* [Exercise] Nothing but the records, repeated word for word and free of pictures, belongs in the answer.

* [Dataset records]
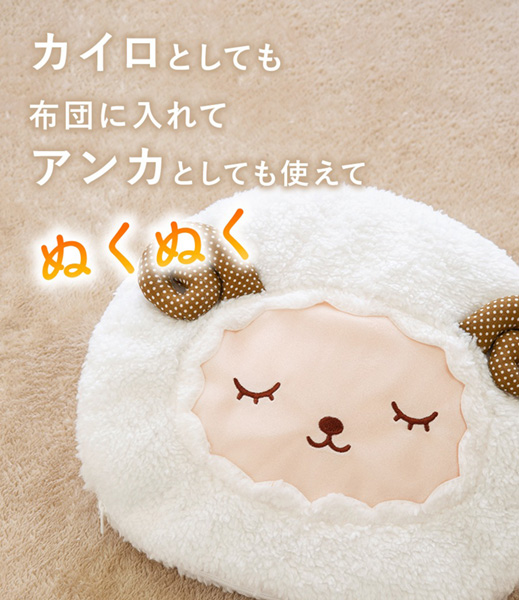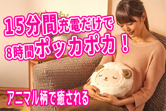 カバー越しにじんわり伝わる温もりと、まるで動物を抱きしめているようなやさしい温かさ。膝の上に乗せてカイロとして使ったり、布団の中でアンカとして使ったり、湯たんぽの上に足を乗せてコタツ代わりに足先を暖めたりすることも可能。それも蓄熱時間15分、電気代は1回2.8円というエコタイプ充電を採用!
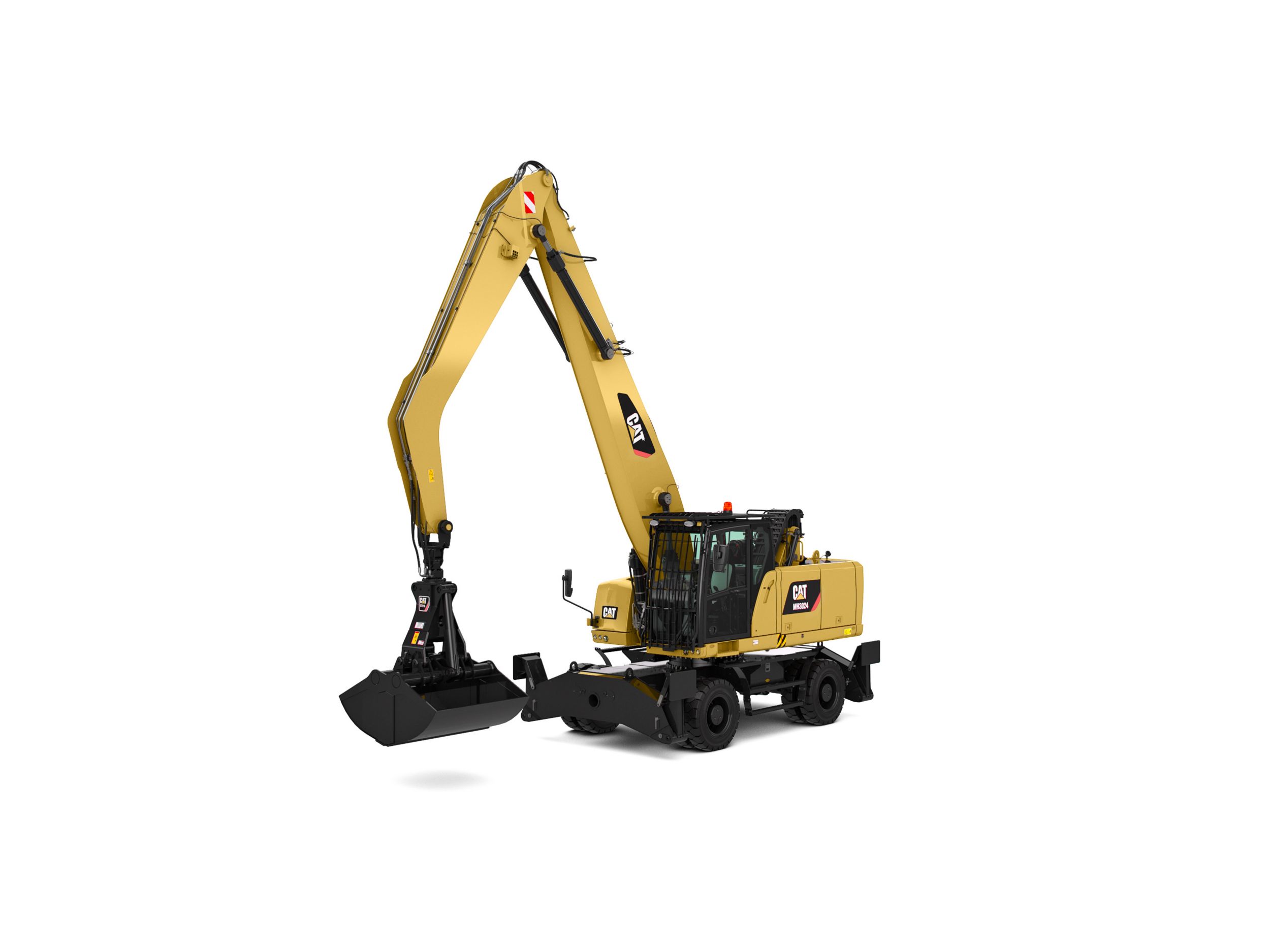 Cat material handlers. They are made for industrial, recycling, and millyard applications requiring large lifting capacities and working envelopes. Their low operating costs and high production help ensure your success.
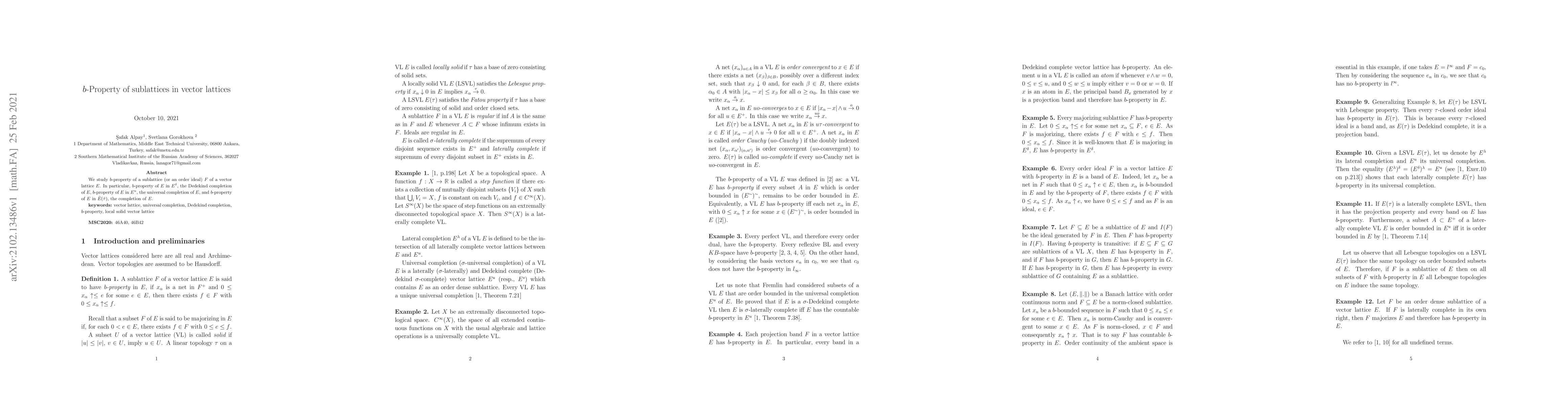 We study $b$-property of a sublattice (or an order ideal) $F$ of a vector lattice $E$. In particular, $b$-property of $E$ in $E^\delta$, the Dedekind completion of $E$, $b$-property of $E$ in $E^u$, the universal completion of $E$, and $b$-property of $E$ in $\hat{E}(\hat{\tau})$, the completion of $E$.
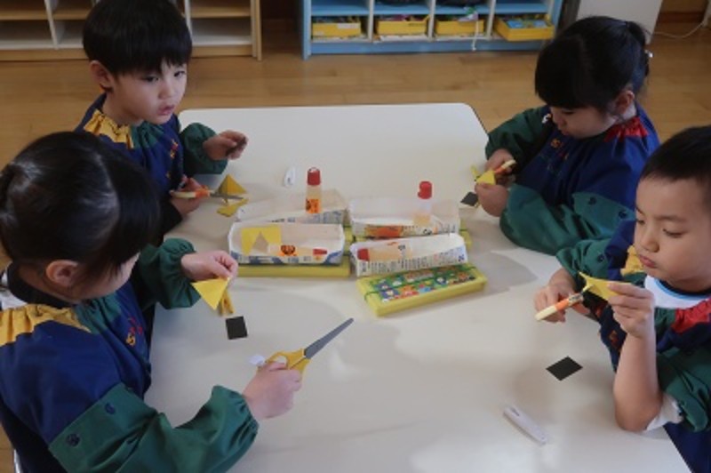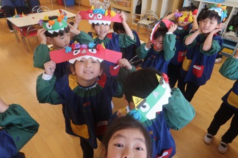 この製作をするにあたり、鬼の色の意味も話しをしました。その意味を聞いて自分はどの色がいいかな?考えて選んで製作!これで節分へ向けて準備ができましたね!《腰塚》
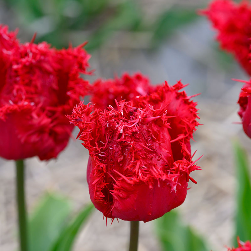 Enkelblommande fransade ‘Barbados’ är en chic tulpan med eleganta, röda fransar. Dessutom erbjuder fransade tulpaner en lång hållbarhet, vilket gör dem idealiska för trädgården.

* [Solution]
 カバー越しにじんわり伝わる温もりと、まるで動物を抱きしめているようなやさしい温かさ。膝の上に乗せてカイロとして使ったり、布団の中でアンカとして使ったり、湯たんぽの上に足を乗せてコタツ代わりに足先を暖めたりすることも可能。それも蓄熱時間15分、電気代は1回2.8円というエコタイプ充電を採用!
 Cat material handlers. They are made for industrial, recycling, and millyard applications requiring large lifting capacities and working envelopes. Their low operating costs and high production help ensure your success.
 We study $b$-property of a sublattice (or an order ideal) $F$ of a vector lattice $E$. In particular, $b$-property of $E$ in $E^\delta$, the Dedekind completion of $E$, $b$-property of $E$ in $E^u$, the universal completion of $E$, and $b$-property of $E$ in $\hat{E}(\hat{\tau})$, the completion of $E$.
 この製作をするにあたり、鬼の色の意味も話しをしました。その意味を聞いて自分はどの色がいいかな?考えて選んで製作!これで節分へ向けて準備ができましたね!《腰塚》
 Enkelblommande fransade ‘Barbados’ är en chic tulpan med eleganta, röda fransar. Dessutom erbjuder fransade tulpaner en lång hållbarhet, vilket gör dem idealiska för trädgården.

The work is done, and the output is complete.